Sooner than I think I can, I pull myself upright, and with a dearth of protocol which I hope will be forgiven, slump from the room, all four arms wrapped around my hard blue-black shell. My squeezing arms are the external manifestation of my internal struggle to maintain control. I do not cling to myself in fear someone will touch me – to touch me would mean that brother’s death at the hands of the queen: instantaneous, bloody, public execution. With my body so loaded with the queen’s Shame, I am safe now except from the queen herself – the one
from whom I most need to be free. And so, with no one who will touch me, no one to support me, no one who can pull me along, I jerk myself from the queen’s presence with all the haste I can muster.
I lock my quarters to intrusion, resentful as ever of the distant escort. The tinkling of bells as the lemon breeze moves the branches of the blossom-heavy homeworld tree behind me does not soothe me. I lean over the shoulder-high vomitorium. I methodically bring up the meal I ingested before my session with the queen, noting how little of it has benefited my body through digestion. My slim fingers prattle at the control keys on my lower arm above my pincer ordering a heavier scent: something that will smell like the limbs of a Consoler wrapped around me, since no Consoler will risk what they would taste on me.
I lower my body to the cushioned floor amidst an orchestra of pops and cracks from all six of my limbs, and begin the private mantra that will rid me of the Shame. I hope for the several hours it will take to tread the mantra at least once. The chemical concentration within me will take time to dissipate.
I am not quite through the first recitation when I am summoned again. I sigh and try to visualize the sigh as an exhalation from all my pores, as a mediocre cleansing where the real thing cannot be had. I know my duty as the queen’s Shame Receptor and understand the resentment is a residual chemical side effect of the Shame. I am annoyed at being unable to shake the feeling of resentment by understanding its cause.

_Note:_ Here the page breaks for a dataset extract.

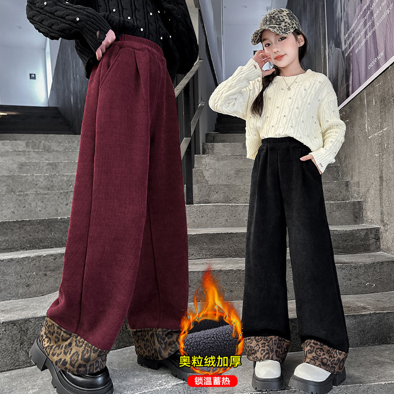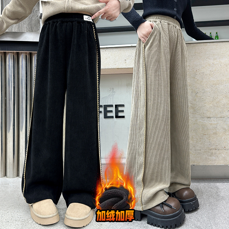 女の子のズボンは秋冬の外で2024の新型の子供のコーデュロイの広い足のズボンとベルベットの厚い一体のベルベットのカジュアルなズボンを着ています

I rise and look to my terminal for some random words of benediction, pressing my high right pincer against the touch pad to renew the phrase of well-wishing. My screen changes to read,
Gather your strength from those whom you serve.
Chrenu VII, Book 6, Gru
I know the reference. It is a quote from the Gru parable wherein my people are taught the satisfaction of serving the whole and the compensation of seeing those around you swell and grow on your efforts. But in my frame of mind, the quote feeds my feeling of resentment, of being exploited, rather than diminishing it.